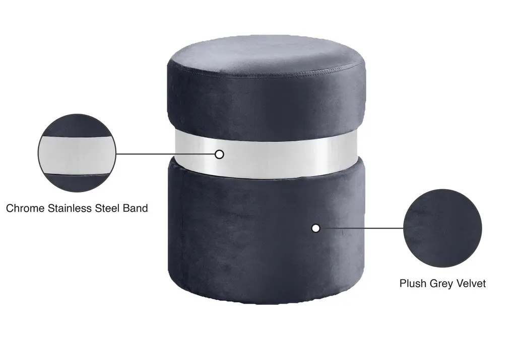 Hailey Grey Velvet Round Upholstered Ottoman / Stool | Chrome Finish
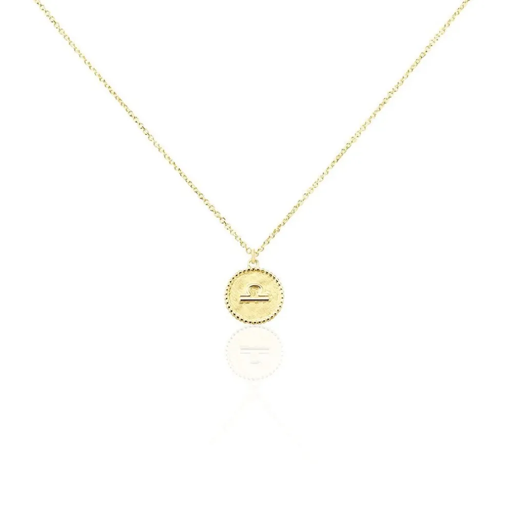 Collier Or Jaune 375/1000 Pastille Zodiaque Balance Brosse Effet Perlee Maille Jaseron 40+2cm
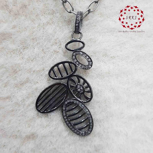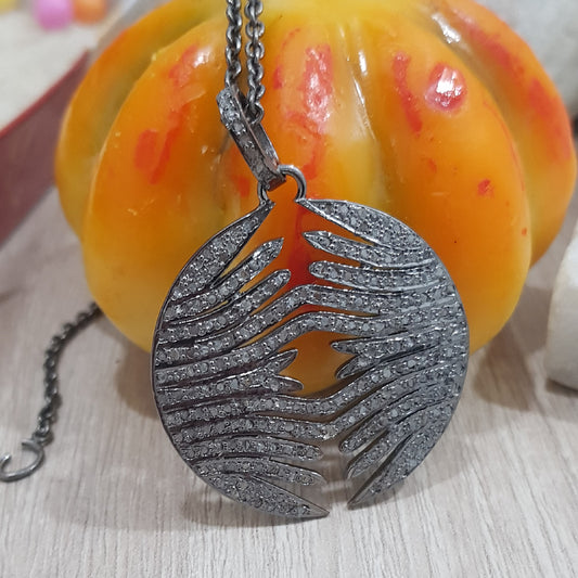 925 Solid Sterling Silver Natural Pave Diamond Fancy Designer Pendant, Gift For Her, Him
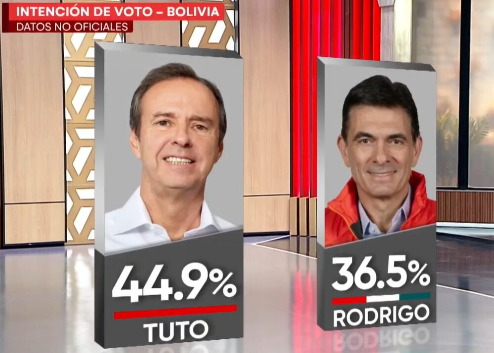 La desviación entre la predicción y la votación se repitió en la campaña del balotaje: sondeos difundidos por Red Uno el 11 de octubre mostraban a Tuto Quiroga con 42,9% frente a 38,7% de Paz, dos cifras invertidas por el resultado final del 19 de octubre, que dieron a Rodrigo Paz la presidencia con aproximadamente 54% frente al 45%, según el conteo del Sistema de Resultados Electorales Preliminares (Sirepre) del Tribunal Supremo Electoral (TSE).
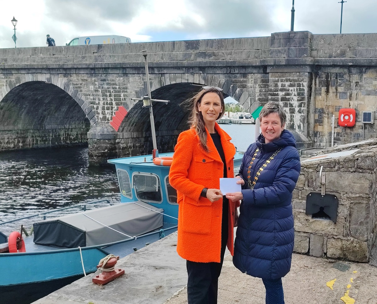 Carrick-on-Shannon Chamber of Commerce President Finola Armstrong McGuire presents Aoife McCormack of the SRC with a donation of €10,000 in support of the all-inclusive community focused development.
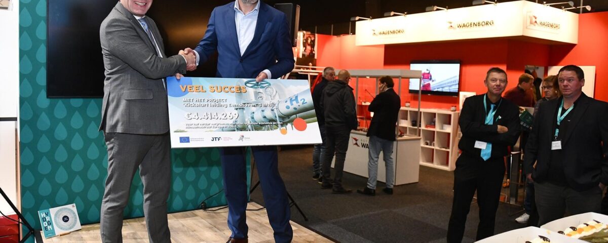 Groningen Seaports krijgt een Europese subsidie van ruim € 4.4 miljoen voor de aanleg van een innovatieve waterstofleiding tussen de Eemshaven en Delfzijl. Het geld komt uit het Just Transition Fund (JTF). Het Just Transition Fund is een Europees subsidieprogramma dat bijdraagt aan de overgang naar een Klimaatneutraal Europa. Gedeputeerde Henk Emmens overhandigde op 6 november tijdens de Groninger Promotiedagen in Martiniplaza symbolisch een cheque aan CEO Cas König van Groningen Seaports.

----------------

TASK OBJECTIVE: Make a word-for-word repeat of the material, skipping all pictures.

OUTPUT BELOW:
 Hailey Grey Velvet Round Upholstered Ottoman / Stool | Chrome Finish
 Collier Or Jaune 375/1000 Pastille Zodiaque Balance Brosse Effet Perlee Maille Jaseron 40+2cm
 925 Solid Sterling Silver Natural Pave Diamond Fancy Designer Pendant, Gift For Her, Him
 La desviación entre la predicción y la votación se repitió en la campaña del balotaje: sondeos difundidos por Red Uno el 11 de octubre mostraban a Tuto Quiroga con 42,9% frente a 38,7% de Paz, dos cifras invertidas por el resultado final del 19 de octubre, que dieron a Rodrigo Paz la presidencia con aproximadamente 54% frente al 45%, según el conteo del Sistema de Resultados Electorales Preliminares (Sirepre) del Tribunal Supremo Electoral (TSE).
 Carrick-on-Shannon Chamber of Commerce President Finola Armstrong McGuire presents Aoife McCormack of the SRC with a donation of €10,000 in support of the all-inclusive community focused development.
 Groningen Seaports krijgt een Europese subsidie van ruim € 4.4 miljoen voor de aanleg van een innovatieve waterstofleiding tussen de Eemshaven en Delfzijl. Het geld komt uit het Just Transition Fund (JTF). Het Just Transition Fund is een Europees subsidieprogramma dat bijdraagt aan de overgang naar een Klimaatneutraal Europa. Gedeputeerde Henk Emmens overhandigde op 6 november tijdens de Groninger Promotiedagen in Martiniplaza symbolisch een cheque aan CEO Cas König van Groningen Seaports.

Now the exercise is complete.